Scale 1, Time 1.593766s
Scale 2, Time 5.825521s
Scale 3, Time 12.060571s
Scale 4, Time 20.631747s
Scale 5, Time 31.711070s
Scale 6, Time 44.379169s
Scale 7, Time 59.009832s
Scale 8, Time 77.066597s
Scale 9, Time 94.842155s
Scale 10, Time 117.034372s
Following are the running times for multiprocessing implementation.
Scale 1, Time 1.315367s
Scale 2, Time 4.512450s
Scale 3, Time 9.426444s
Scale 4, Time 16.534967s
Scale 5, Time 26.249483s
Scale 6, Time 37.269908s
Scale 7, Time 49.685339s
Scale 8, Time 64.522356s
Scale 9, Time 82.165439s
Scale 10, Time 101.421775s
In this case, the running time of mpi4py implementation increases by 10% across almost all scaling factors. A possible reason for this could be increased interprocess communication. Specifically, with a fixed chunk size, as the number of processes decreases, the number of message exchanges between the master and the workers increases.
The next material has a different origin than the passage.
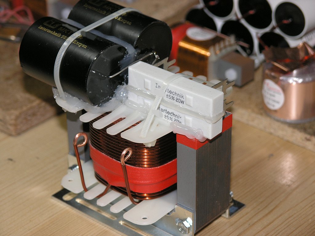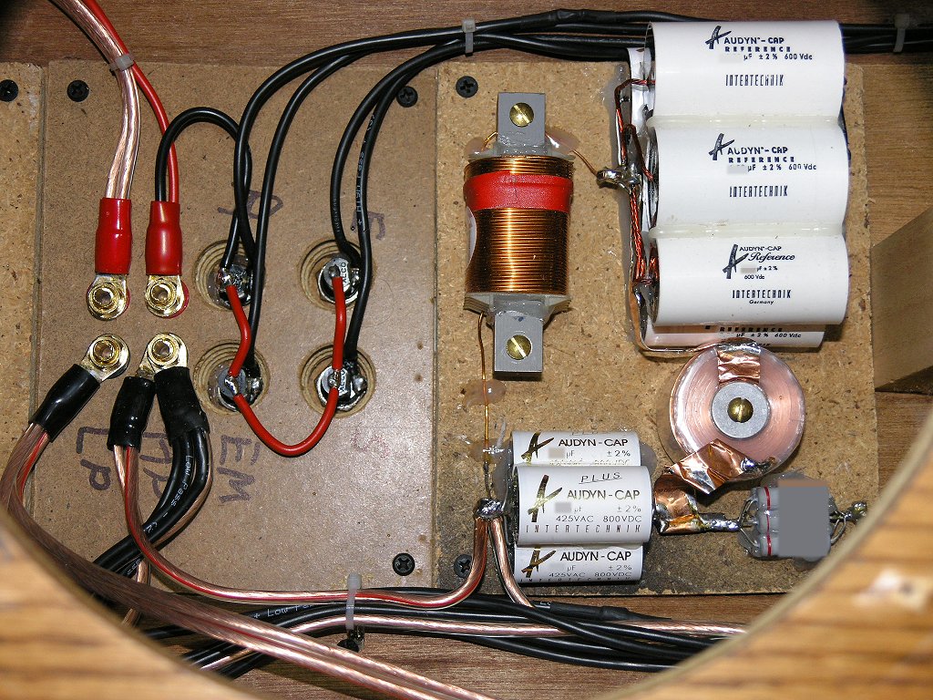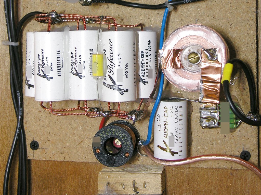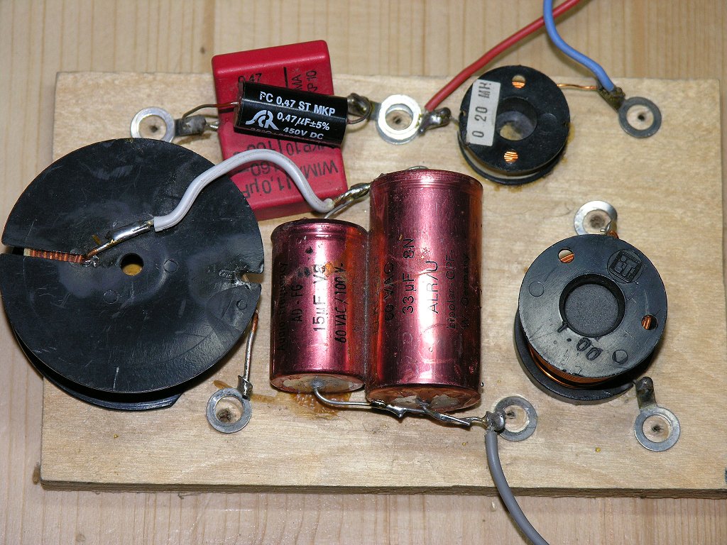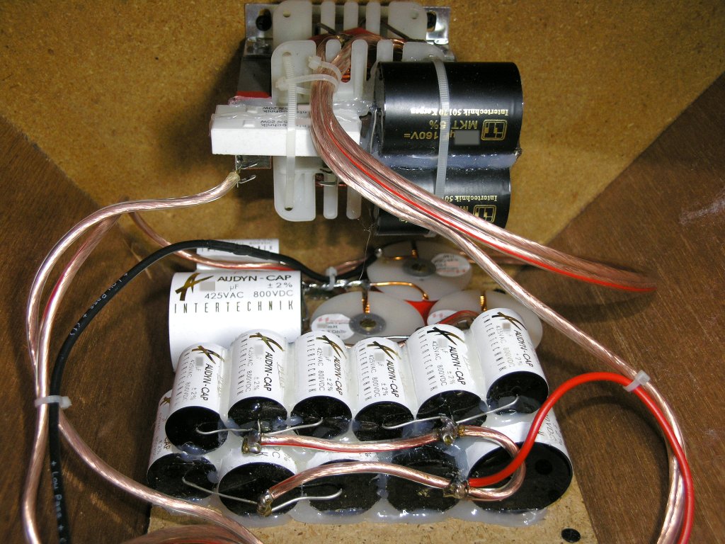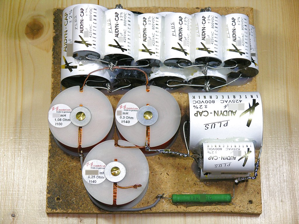 Es sind die für den jeweiligen Zweck besten Bauteile zum Einsatz gekommen, die es für Geld gibt. Jedes einzelne Bauteil für sich wurde hier nach seinem Einsatz auf optimale Eignung beleuchtet und danach ausgewählt. Sämtliche Bauteile wurden dann so zusammen gestellt, wie es für den jeweiligen Einsatz und das Ohr am besten ist. Der Preis hat hier keine Rolle mehr gespielt. Wichtig war hier nur eine extreme Langzeitkonstanz und ein wirklich perfekter Klang. Und diese Langzeitkonstanz beträgt hier immerhin mehrere Generationen. Die Enkelkinder des Besitzers dieser Boxen werden das Ende der Weiche nicht mehr erleben, wenn man von normalen Betriebsbedingungen ausgeht.
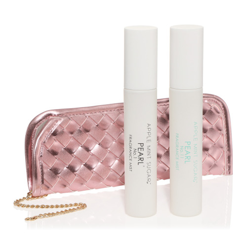 <アップルミントシュガー>より、ボディーやヘアにスプレーするだけでさらっと香りをまとえる、フレグランスミストとしても楽しめる、上質で気品あるソーピー系(石けん)の香りの「フレグランスミスト パール No.1(ボディローション)」、上品な甘さとみずみずしい清潔感のあるシャンプーの香りの「フレグランスミスト パール No.11(ボディローション)」、ポーチのセットです。

In comparison, the running time of multiprocessing implementation surprisingly remains unchanged despite increased interprocess communication. A possible reason for this could be the multiprocessing module determines the chunk size depending on the data and the number of processes, which may reduce the communication overhead. [Related post]
The simple experiment considered the task of local parallel processing of data. In this context, off the shelf, multiprocessing module performed better than mpi4py.